Programming Speedup
You have a program that spends 54 minutes on one core computation using a brute-force algorithm. You are considering replacing that with a smarter algorithm that will reduce the core computation time to 6 minutes, but you'll add 34 minutes of data structure traversal time.
Speedup
What is the speedup, accounting for both computation and data structure time?
Amdahl's Law
If the core computation time of the original program is 95% of the total execution time, compute the overall speedup using Amdahl's law. Identify the fraction enhanced and fraction unenhanced.
Instruction Set Speedup
Assume load operations are 20% of the total instructions for your workload and stores are 10%. Your load and store instructions can use a register+offset to compute the address
LOAD R1, offset(R2) ; Register[R1] = Memory[ Register[R2] + offset ]

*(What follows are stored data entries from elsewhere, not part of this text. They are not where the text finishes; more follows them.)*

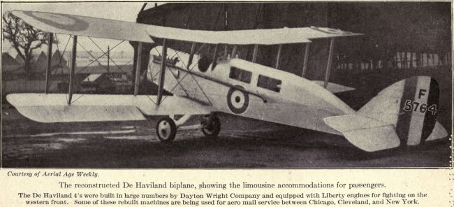 | The reconstructed De Haviland biplane, showing the limousine accommodations for passengers | 146 |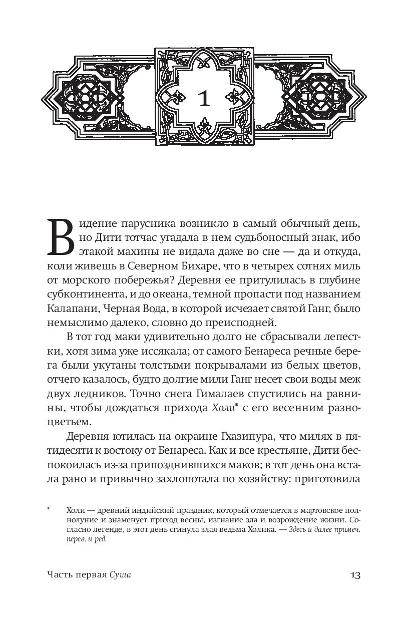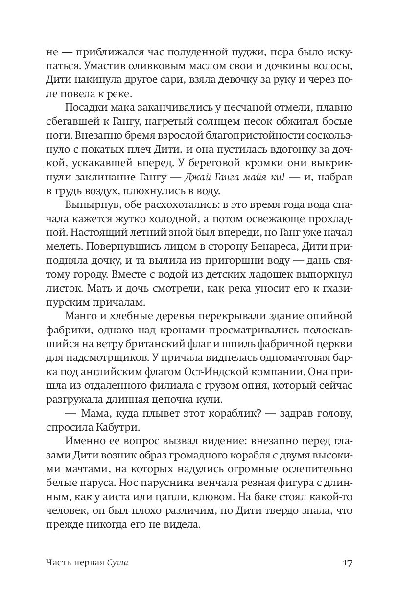 Первый том эпической саги-трилогии, в центре которой сплетение историй самых разных людей. Всех их судьба сведет на шхуне "Ибис", на которой они отправятся в неведомую жизнь.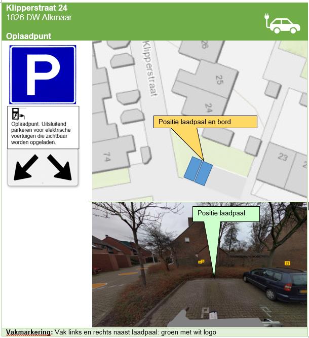 Twee parkeerplaatsen op de Klipperstraat, ter hoogte van nummer 24, aan te wijzen als oplaadpunt voor een elektrisch voertuig. De maatregel zal ter plaatse worden aangeduid door het bord conform model E4 van bijlage 1 van het Reglement Verkeersregels en Verkeerstekens (RVV 1990), op een onderbord zal worden aangegeven voor welke doelgroep en onder welke voorwaarden het gebruik van de parkeergelegenheid geldt. De borden worden geplaatst zoals aangegeven op de bij dit besluit behorende tekening.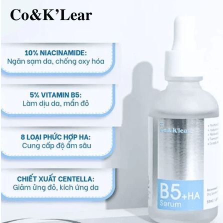 Serum Dưỡng Ẩm Phục Hồi Da B5+HA Co & K’lear là một sản phẩm chăm sóc da cao cấp đến từ thương hiệu Co & K’lear, có xuất xứ từ Hàn Quốc – quốc gia nổi tiếng với các sản phẩm làm đẹp chất lượng cao. Với dung tích 50ml, sản phẩm được thiết kế để cung cấp giải pháp toàn diện cho làn da, đặc biệt phù hợp với những người có làn da nhạy cảm, da mụn hoặc cần dưỡng ẩm sâu, làm sáng và chống lão hóa.
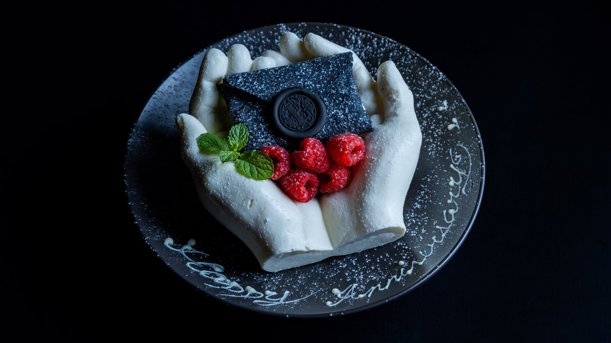 手のひらの形をした酸味と甘みのバランスがとれたレアチーズムースの上には、手紙の形をした竹炭を使用したクレープ。ハロウィン気分を盛り上げるちょっぴりホラーな見た目でありながらも手紙で大切な人に気持ちを伝える温かい気持ちを表現しました。サプライズにぴったりな、会話も弾むこと間違いなしのケーキで特別な記念日をお過ごしください。(ケーキサイズ:4号)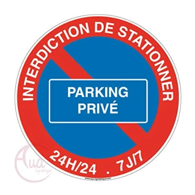 Aua Signaletique Panneau Interdiction de Stationner Parking Privé Ø 230 Mm, Pvc 1. 5 mm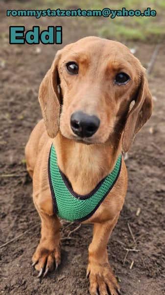 Eddi, Rüde, Dackel Mischling, geboren ca. 01. Mai 2023 (von einem ungarischen Tierarzt geschätzt), reist kastriert, Schulterhöhe: ca. 29 cm und ca. z.Z. 5-6 Kilo (Hals: 25-29 cm, Brust: 43-47 cm), Vermittlung zu Katzen: ja, wenn diese das Leben mit Hunden kennen. Auf Wunsch wird auch extra nochmals getestet, nur eine Garantie gibt es nicht.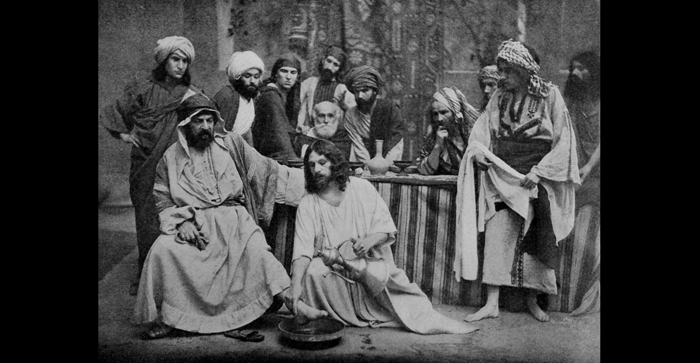 « Le Baiser de Judas » : …Après avoir baisé la main de Jésus, Judas le baise sur la joue droite. – Judas (M. Mounet-Sully), Jésus (M. Albert Lambert) – Le Film d’Art – PATHE 1908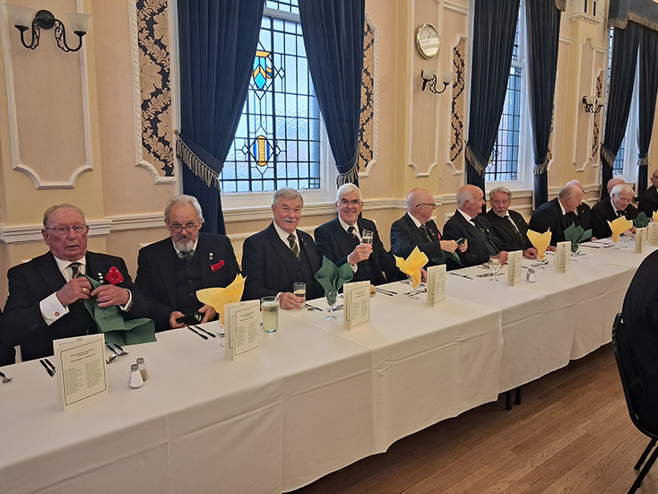 The meeting being concluded in due form, Brethren processed out of the Lodge room in a dignified way, and, following a visit to the bar, the dining room was filled to capacity for an enjoyable meal. A minimal amount of after dinners speeches concluded the proceedings. |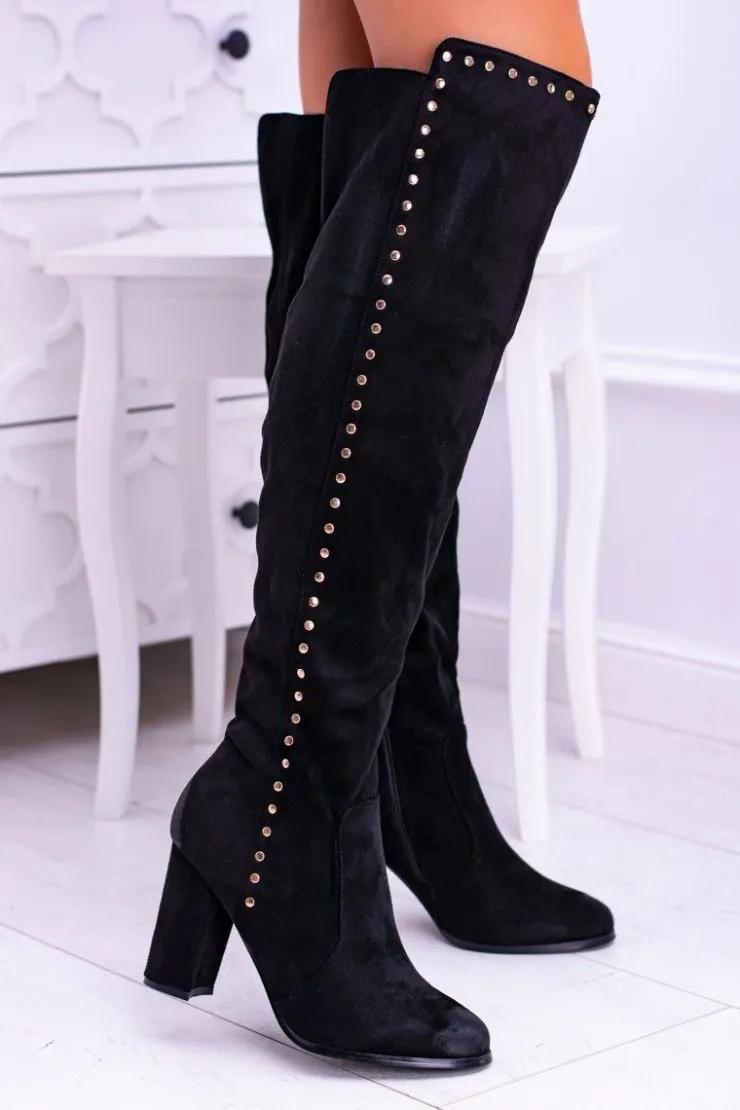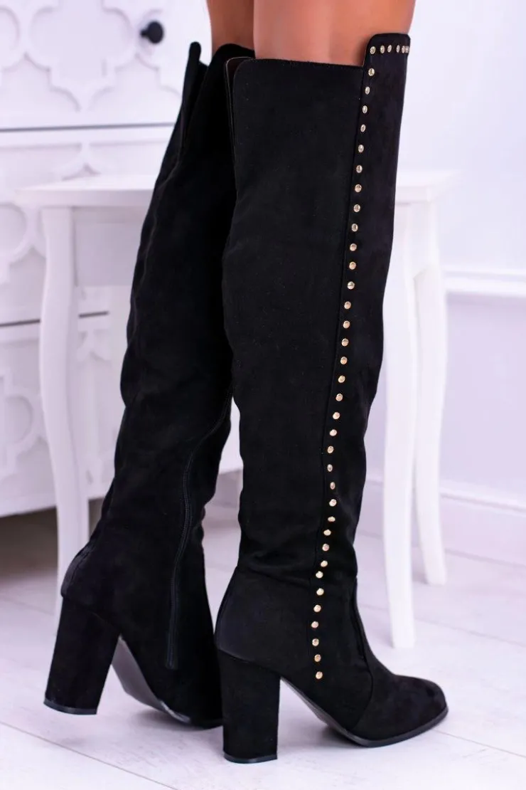 Clearance Boto Czarne Zamszowe Kozaki Muszkieterki Portoso

You are considering removing these displacement load and store instructions from the instruction set, instead requiring two instructions for the 60% of loads and stores when the offset is not 0.
ADD R1, R2, offset ; Register[R1] = Register[R2] + offset
LOAD R1, R1 ; Register[R1] = Memory[R1]
Average CPI
If the CPI of load and stores before the change is 5, while other instructions have a CPI of 4, what is the average CPI?
Clock speedup
What is the expected speedup from this change, if it will allow a 1.2x improvement in clock speed, with no change in CPI?
CPI speedup
What is the expected speedup from this change if it allows you to reduce the CPI for load and store instructions to 4 cycles per instruction, but you get no change to the clock cycle time?
Complex CPI
do { r = r + a[i] * b[i]; ++i; } while (--c != 0);
This code can be translated into this code for the Intel 8088 (yes the one from 1991), assuming r is in the BX register, c is in the CX register, i is in the SI register, and
loop: MOV AX, a[SI] ; AX = a[SI]
IMUL b[SI] ; AX = AX * b[SI]
ADD BX, AX ; r = r + AX
ADD SI, 2 ; SI = SI + 2 (for 2-byte data): this is the ++i
DEC CX ; CX = CX - 1: this is the --c
JNZ loop ; this is the while test
Using the timing data for this processor, compute the CPI for 100 iterations of this code. You will need to use the "Effective Address (EA)" timing table as well as the individual instruction tables. Given a 10 MHz clock speed, what is the expected execution time of this code?